Monday, June 21, 2010

Institutional Sexism and HIV Transmission

There was a time when HIV was thought to affect men far more than women. That may be partly because it was first recognized in rich countries, where people infected were usually male and had sex with men. But it was soon accepted by the health care profession that both men and women could be infected, sexually and non-sexually. In developing countries, the number of women infected soon outnumbered the men. In Kenya, the ratio of HIV positive females went from 1:2.7 in 1986 to 2:1 in 2006 and it's probably about the same now, in 2010.

That makes HIV much more of a woman's disease than many others, even sexually transmitted diseases. The orthodoxy of UNAIDS, the WHO, CDC and others is that women are more susceptible, for various reasons, than men. But these institutions have been trying for years to say what it is that makes women more likely to be infected with HIV in developing countries than women in rich countries. They have come up with a lot of theories about African sexual behaviour, many of which are not borne out by the evidence. These 'theories' are mere prejudices in the absence of evidence, but they have been used to influence most of the HIV prevention activities carried out in high prevalence countries.

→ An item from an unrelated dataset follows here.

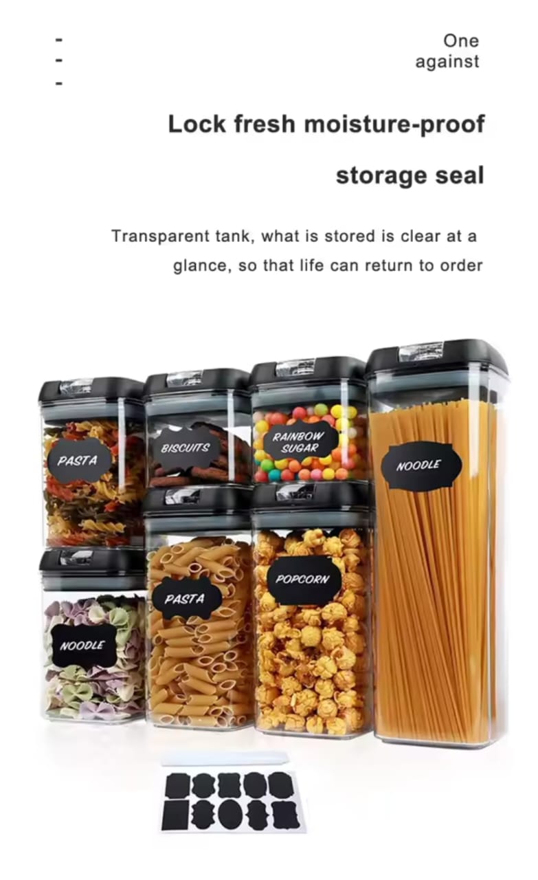 Elevate your pantry with this Acrylic 7-pcs Food Storage Container Set—a sleek, versatile solution designed to keep grains, snacks, pasta, and more fresh and clearly visible.

It's no wonder that most of these high prevalence countries have only seen small drops in HIV transmission. If there is no evidence for very high rates of unsafe sexual behaviour in high prevalence countries, and plenty of evidence for higher rates of unsafe sexual behaviour in low prevalence countries, the behavioural paradigm, the belief that most HIV transmission is due to high levels of unsafe heterosexual behaviour, is clearly faulty.

The behavioural paradigm was not so evident in the 1980s or even in the early 1990s. It arrived later, probably on the back of large amounts of donor funding from countries who chose, for political or religious reasons of some kind, to see HIV transmission as a moral issue. They chose to see high HIV prevalence as a sign that people in some countries were the victims of immoral behaviour and they switched their attention from non-sexual transmission modes to sexual modes.

The issue of institutional racism on the part of these institutions, UNAIDS, the WHO, CDC and others, has been raised on this blog before. The belief that Africans have higher levels of unsafe sex than non-Africans, when all the evidence says this is not so, lays the charge of institutional racism on their doorsteps. Never mind their posturing about wanting to reduce stigma or improve the lot of women.

But these institutions are also guilty of institutional sexism. Far from reducing stigma, the orthodoxy that says that HIV is mainly transmitted by heterosexual sex in developing countries stigmatizes women more than it stigmatizes men. How are HIV positive women supposed to see themselves in the light of this kind of orthodoxy? What options do they have to defend themselves from the implication that they are promiscuous? And how do they explain their positive HIV status to their husbands when they find that they are infected when their husband is not?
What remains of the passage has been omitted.